The pics you posted looked great, Jack. The garden guys I talk to all said their yield was down this year ... I've had my container garden for 15+ yrs and they all have way more time in the game than me. My peppers are strong & producing as usual (I just picked another 5 lbs) but they're short and stocky this year. Everything else seemed to go into survival mode (early) once the heat showed up.


----------



## jack2 (Mar 19, 2010)

high cotton,
and i remember the great settup you had with those pots. did you get that irrigation hose?
jack


----------



## HighCotton (Oct 2, 2007)

I researched it and have an idea of how I want to set it up and the cost. To do it properly, I need to tie into the existing sprinkler system , relocate a sprinkler head and run a new line for my garden (I'll need to rent a trencher). I'll probably wait till fall to get it going but yessir ... It's gonna happen.


----------



## HighCotton (Oct 2, 2007)

I'm at the point where I need to send off some soil samples for analysis ... 6 samples should give me the info I need. Auburn charges $7.50 a sample, if I remember correctly. Where do y'all send your soil samples for analysis?


----------



## jack2 (Mar 19, 2010)

HighCotton said:


> I'm at the point where I need to send off some soil samples for analysis ... 6 samples should give me the info I need. Auburn charges $7.50 a sample, if I remember correctly. Where do y'all send your soil samples for analysis?
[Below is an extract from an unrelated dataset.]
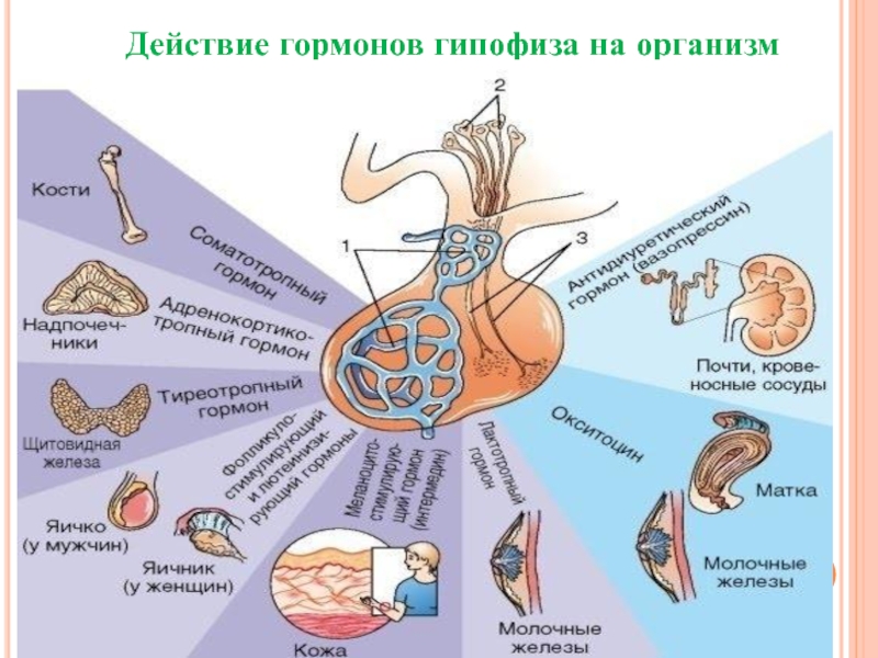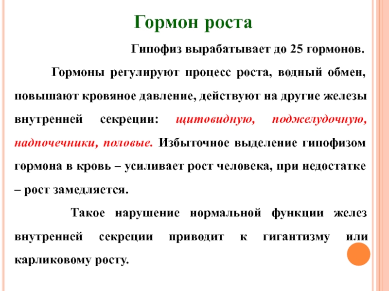 Гормоны регулируют процесс роста, водный обмен, повышают кровяное давление, действуют на другие железы внутренней секреции: щитовидную, поджелудочную, надпочечники, половые. Избыточное выделение гипофизом гормона в кровь – усиливает рост человека, при недостатке – рост замедляется.

get you a cheap soil test kit. you can chk n p and k and the ph. best way to start out a garden.'
jack


----------



## lettheairout (Mar 11, 2008)

The extension office will check ph for free. I send mine to uf for analysis. 

Sent from my SM-N960U using Tapatalk


----------



## jack2 (Mar 19, 2010)

probably most of y'all are harvesting peppers right now if you planted them. here's a simple recipe i use for hot sauce.
this does not compare to frank's, louisiana, or pistol pete';s. these sauces are actually less than 1000 scoville units.
1lb. peppers, 1 cup vinegar, 1 tsp. salt. onion, and garlic pwd optional.



















the red in the blue plate pepperoncini (200 scoville), behind it are green pepperoncini, on the right are cayenne and tabasco (40k scoville), habanero is the orange (200k scoville). my ratio was 20oz. pepperoncini, 6oz habanero, 3oz. cayenne, and 1oz tabasco. boiled with all ingredients and run thru a sieve. sho nuff got a kick.
you'll be reminded you ate it when you take that morning shit.
jack
jack


----------



## jack2 (Mar 19, 2010)

if you visit the yucatan peninsula, all of the small town cafe's and food joints have this on every table. sometimes it's green, sometime it's orange, sometimes it red. the locals just pour it on their food and chow down. i don't see how they do it. those bastards down there eat ghost peppers for a snack.
jack


----------



## Deja vu (Jul 9, 2016)

my garden is kaput but it was a great year . Jack you need a real country girl to help out in the garden


----------



## jack2 (Mar 19, 2010)

send her on over. i need to lay some pipe.
jack


----------



## sureicanfish (Sep 30, 2007)

I got nothing to show but 5 PINTS of pepper jelly...lame attempt this year. I put some piglets in there to eat, poop, and smash what's left. Will till and cover and try some cucumbers and squash. Hopefully they have time before it gets too cold.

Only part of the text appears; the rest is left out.